**PROBLEM REQUIREMENTS**
Below are records; reproduce exactly the lines from the one that has "4小时图看,油价长阴下破,短" through the one that has "3. Продавщица магазина", ends included, and nothing more.

**RECORDS FOR THIS TASK**

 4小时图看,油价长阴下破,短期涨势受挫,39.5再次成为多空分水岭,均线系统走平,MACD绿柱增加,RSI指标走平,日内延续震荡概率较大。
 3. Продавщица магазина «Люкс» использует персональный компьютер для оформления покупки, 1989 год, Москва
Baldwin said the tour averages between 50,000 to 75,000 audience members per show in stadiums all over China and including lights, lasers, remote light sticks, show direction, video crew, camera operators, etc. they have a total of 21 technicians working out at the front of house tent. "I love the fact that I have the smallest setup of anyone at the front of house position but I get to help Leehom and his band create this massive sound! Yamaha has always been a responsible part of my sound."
==
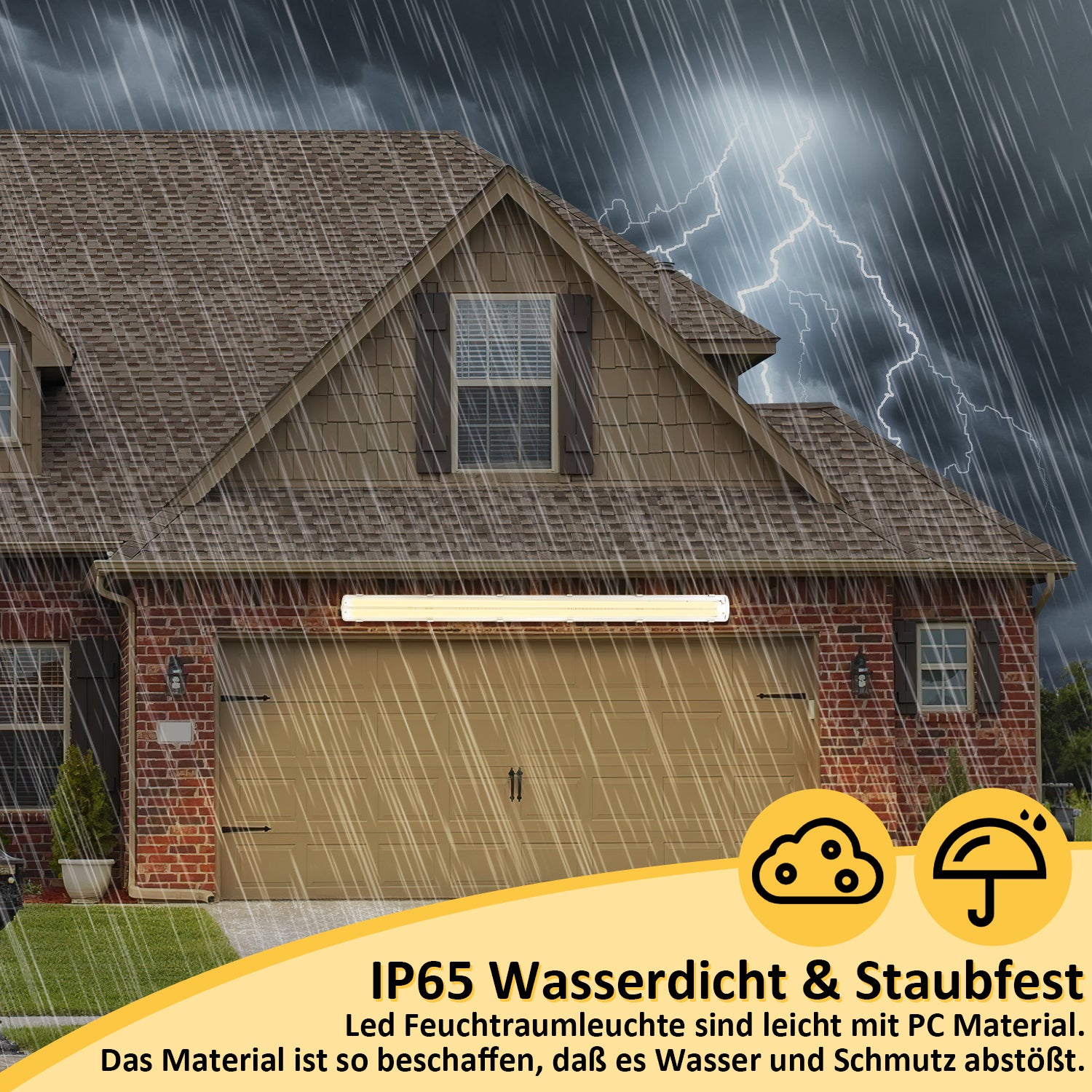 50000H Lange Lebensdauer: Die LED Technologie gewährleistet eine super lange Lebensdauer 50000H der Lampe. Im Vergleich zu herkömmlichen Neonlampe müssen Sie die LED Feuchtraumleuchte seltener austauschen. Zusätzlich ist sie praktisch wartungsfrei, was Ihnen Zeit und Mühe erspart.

**RESPONSE**
 4小时图看,油价长阴下破,短期涨势受挫,39.5再次成为多空分水岭,均线系统走平,MACD绿柱增加,RSI指标走平,日内延续震荡概率较大。
 3. Продавщица магазина «Люкс» использует персональный компьютер для оформления покупки, 1989 год, Москва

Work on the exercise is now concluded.